**SOURCE MATERIAL:**
========
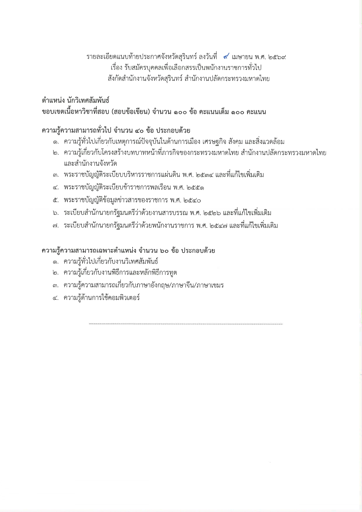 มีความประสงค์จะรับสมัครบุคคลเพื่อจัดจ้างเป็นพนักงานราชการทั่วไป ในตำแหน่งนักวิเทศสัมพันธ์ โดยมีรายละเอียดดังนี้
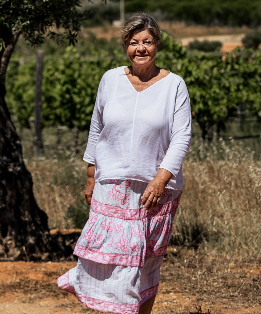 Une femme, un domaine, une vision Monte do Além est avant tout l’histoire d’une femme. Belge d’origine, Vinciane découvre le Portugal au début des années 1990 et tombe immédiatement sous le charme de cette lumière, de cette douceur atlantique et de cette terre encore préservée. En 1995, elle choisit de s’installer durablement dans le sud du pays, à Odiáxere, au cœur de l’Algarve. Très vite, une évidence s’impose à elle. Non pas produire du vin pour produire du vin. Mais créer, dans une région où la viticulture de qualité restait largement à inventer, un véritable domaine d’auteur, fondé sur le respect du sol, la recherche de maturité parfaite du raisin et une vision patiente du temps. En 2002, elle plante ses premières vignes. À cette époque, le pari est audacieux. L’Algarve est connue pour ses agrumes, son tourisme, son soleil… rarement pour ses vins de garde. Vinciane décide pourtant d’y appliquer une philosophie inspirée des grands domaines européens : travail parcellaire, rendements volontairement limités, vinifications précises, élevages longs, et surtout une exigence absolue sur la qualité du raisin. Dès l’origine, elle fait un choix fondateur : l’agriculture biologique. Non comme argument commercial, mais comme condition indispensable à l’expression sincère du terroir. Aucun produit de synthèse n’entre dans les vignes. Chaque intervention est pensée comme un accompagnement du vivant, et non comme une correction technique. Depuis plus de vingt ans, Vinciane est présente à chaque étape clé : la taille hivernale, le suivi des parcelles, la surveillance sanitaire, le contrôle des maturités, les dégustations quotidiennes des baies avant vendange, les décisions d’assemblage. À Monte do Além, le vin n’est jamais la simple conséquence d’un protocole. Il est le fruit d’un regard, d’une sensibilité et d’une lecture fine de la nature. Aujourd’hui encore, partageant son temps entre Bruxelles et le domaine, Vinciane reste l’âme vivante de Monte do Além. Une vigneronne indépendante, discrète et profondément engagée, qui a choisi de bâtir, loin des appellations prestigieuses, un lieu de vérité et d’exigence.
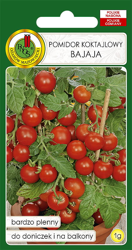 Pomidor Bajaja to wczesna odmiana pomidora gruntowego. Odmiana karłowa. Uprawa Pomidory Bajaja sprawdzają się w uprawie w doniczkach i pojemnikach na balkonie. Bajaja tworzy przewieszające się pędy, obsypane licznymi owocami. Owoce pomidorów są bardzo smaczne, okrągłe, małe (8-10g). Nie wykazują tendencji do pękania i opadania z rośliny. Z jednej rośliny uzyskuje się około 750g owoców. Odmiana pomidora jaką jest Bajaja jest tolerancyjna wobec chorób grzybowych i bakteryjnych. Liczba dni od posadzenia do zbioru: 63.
========
**WORK REQUEST:**
Write out all the data exactly, minus pictures.

**TASK RESULT:**
 มีความประสงค์จะรับสมัครบุคคลเพื่อจัดจ้างเป็นพนักงานราชการทั่วไป ในตำแหน่งนักวิเทศสัมพันธ์ โดยมีรายละเอียดดังนี้
 Une femme, un domaine, une vision Monte do Além est avant tout l’histoire d’une femme. Belge d’origine, Vinciane découvre le Portugal au début des années 1990 et tombe immédiatement sous le charme de cette lumière, de cette douceur atlantique et de cette terre encore préservée. En 1995, elle choisit de s’installer durablement dans le sud du pays, à Odiáxere, au cœur de l’Algarve. Très vite, une évidence s’impose à elle. Non pas produire du vin pour produire du vin. Mais créer, dans une région où la viticulture de qualité restait largement à inventer, un véritable domaine d’auteur, fondé sur le respect du sol, la recherche de maturité parfaite du raisin et une vision patiente du temps. En 2002, elle plante ses premières vignes. À cette époque, le pari est audacieux. L’Algarve est connue pour ses agrumes, son tourisme, son soleil… rarement pour ses vins de garde. Vinciane décide pourtant d’y appliquer une philosophie inspirée des grands domaines européens : travail parcellaire, rendements volontairement limités, vinifications précises, élevages longs, et surtout une exigence absolue sur la qualité du raisin. Dès l’origine, elle fait un choix fondateur : l’agriculture biologique. Non comme argument commercial, mais comme condition indispensable à l’expression sincère du terroir. Aucun produit de synthèse n’entre dans les vignes. Chaque intervention est pensée comme un accompagnement du vivant, et non comme une correction technique. Depuis plus de vingt ans, Vinciane est présente à chaque étape clé : la taille hivernale, le suivi des parcelles, la surveillance sanitaire, le contrôle des maturités, les dégustations quotidiennes des baies avant vendange, les décisions d’assemblage. À Monte do Além, le vin n’est jamais la simple conséquence d’un protocole. Il est le fruit d’un regard, d’une sensibilité et d’une lecture fine de la nature. Aujourd’hui encore, partageant son temps entre Bruxelles et le domaine, Vinciane reste l’âme vivante de Monte do Além. Une vigneronne indépendante, discrète et profondément engagée, qui a choisi de bâtir, loin des appellations prestigieuses, un lieu de vérité et d’exigence.
 Pomidor Bajaja to wczesna odmiana pomidora gruntowego. Odmiana karłowa. Uprawa Pomidory Bajaja sprawdzają się w uprawie w doniczkach i pojemnikach na balkonie. Bajaja tworzy przewieszające się pędy, obsypane licznymi owocami. Owoce pomidorów są bardzo smaczne, okrągłe, małe (8-10g). Nie wykazują tendencji do pękania i opadania z rośliny. Z jednej rośliny uzyskuje się około 750g owoców. Odmiana pomidora jaką jest Bajaja jest tolerancyjna wobec chorób grzybowych i bakteryjnych. Liczba dni od posadzenia do zbioru: 63.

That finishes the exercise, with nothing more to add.